Given material:
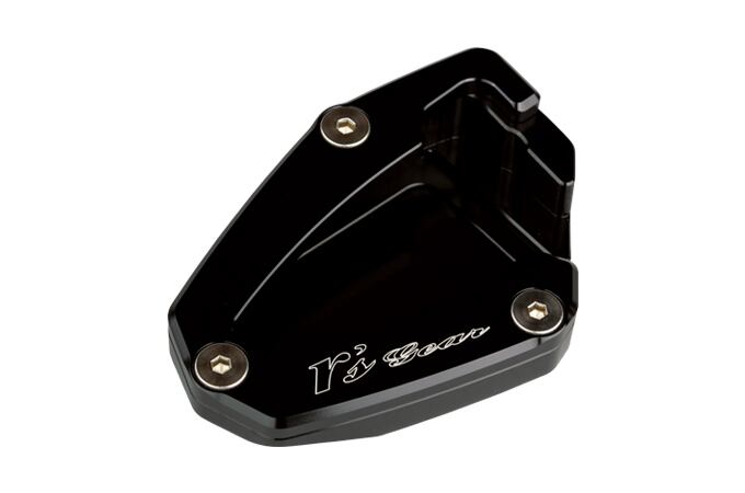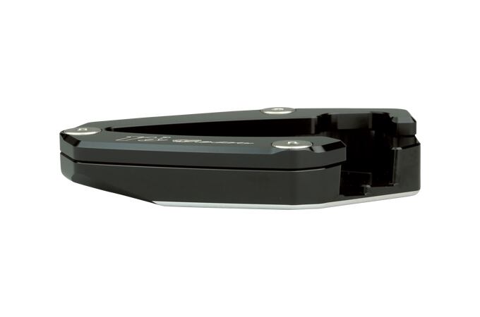 サイドスタンド使用時に、車体の傾きを抑えることで取り回し性を向上させます。スタンドの接地面積も増大するため、軟弱な路面に停車した場合でも、サイドスタンドのめり込みを防止します。高さはノーマル比で約4mmアップ、面積は約1.6倍。ジュラルミン削り出し製、ブラックアルマイト仕上げ。
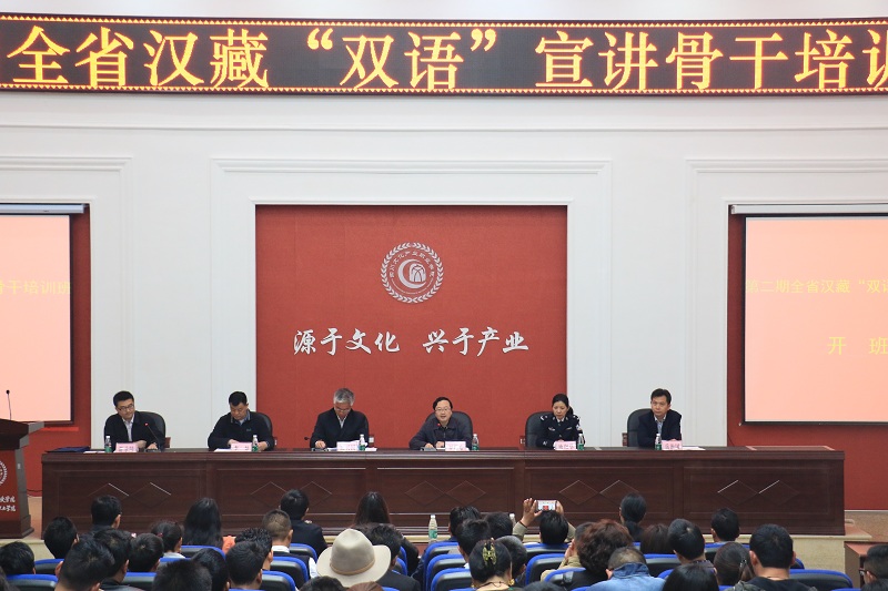 仪式在庄严的国歌声中拉开帷幕。罗晓东向培训班的举办表示热烈祝贺。他表示,在藏区新形势下开展汉藏“双语”宣讲人才的培养和培训工作对加强民族团结、维护祖国统一有着重要意义。举办全省第二期汉藏“双语”宣讲骨干培训班是落实《关于深入推进“法律进寺庙”的实施意见》和《2016年藏区宣传思想文化工作要点》的具体举措,将为我省推进千名汉藏“双语”联合宣讲骨干培训工程提供理论支撑与智力保障。
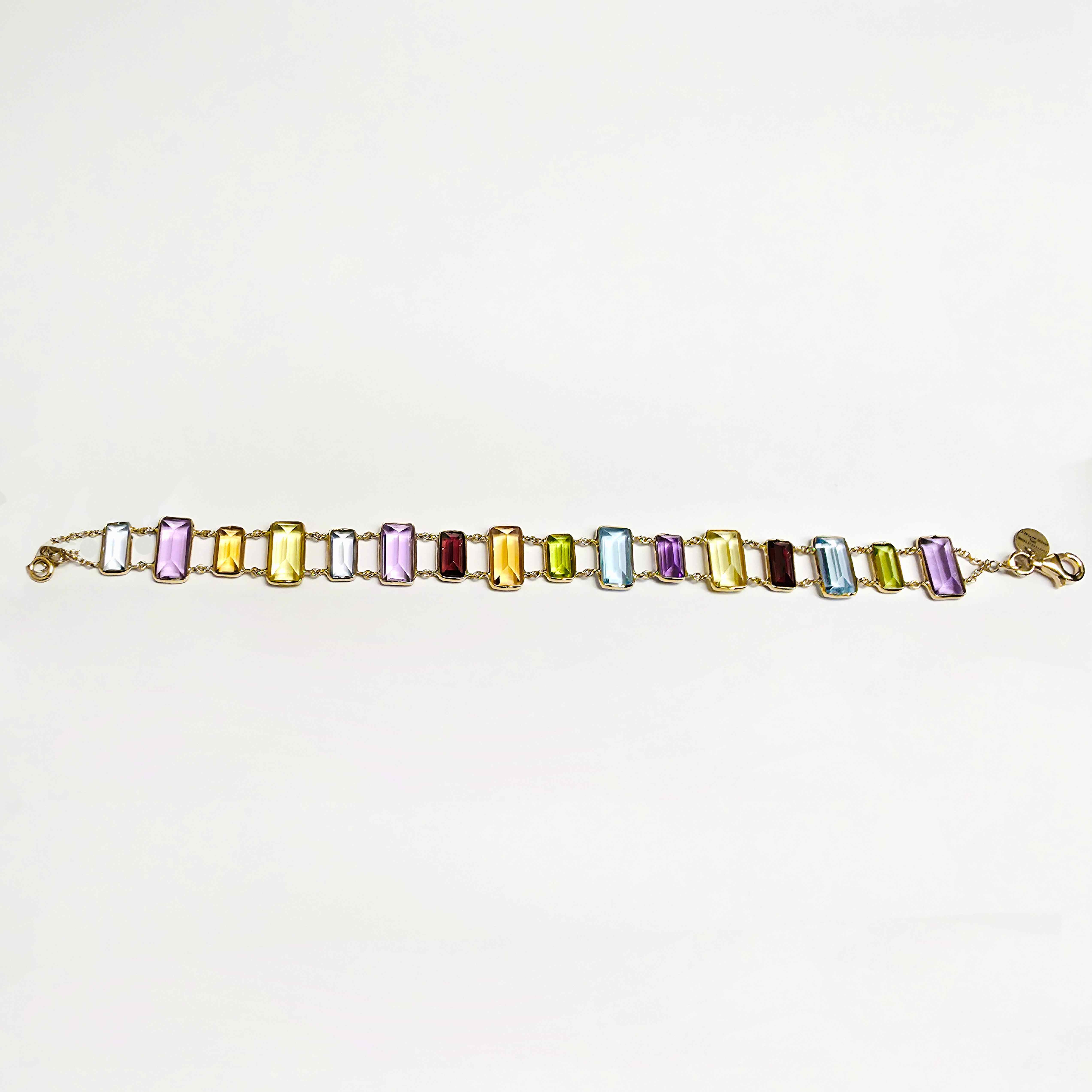Prachtige gouden armband met verschillende kleuren edelsteen.
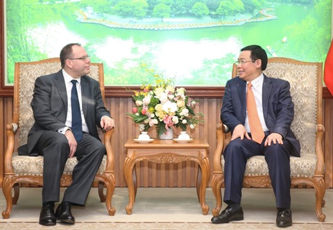 | Le vice-Premier ministre Vuong Dinh Huê (droite) et le directeur des relations gouvernementales et législatives, membre du Comité de direction du groupe Prudential, Julian Adams, le 5 mars à Hanoï. |

What you will do:
Restate the material word for word; no picture should appear in the copy.

Task result:
 サイドスタンド使用時に、車体の傾きを抑えることで取り回し性を向上させます。スタンドの接地面積も増大するため、軟弱な路面に停車した場合でも、サイドスタンドのめり込みを防止します。高さはノーマル比で約4mmアップ、面積は約1.6倍。ジュラルミン削り出し製、ブラックアルマイト仕上げ。
 仪式在庄严的国歌声中拉开帷幕。罗晓东向培训班的举办表示热烈祝贺。他表示,在藏区新形势下开展汉藏“双语”宣讲人才的培养和培训工作对加强民族团结、维护祖国统一有着重要意义。举办全省第二期汉藏“双语”宣讲骨干培训班是落实《关于深入推进“法律进寺庙”的实施意见》和《2016年藏区宣传思想文化工作要点》的具体举措,将为我省推进千名汉藏“双语”联合宣讲骨干培训工程提供理论支撑与智力保障。
Prachtige gouden armband met verschillende kleuren edelsteen.
 | Le vice-Premier ministre Vuong Dinh Huê (droite) et le directeur des relations gouvernementales et législatives, membre du Comité de direction du groupe Prudential, Julian Adams, le 5 mars à Hanoï. |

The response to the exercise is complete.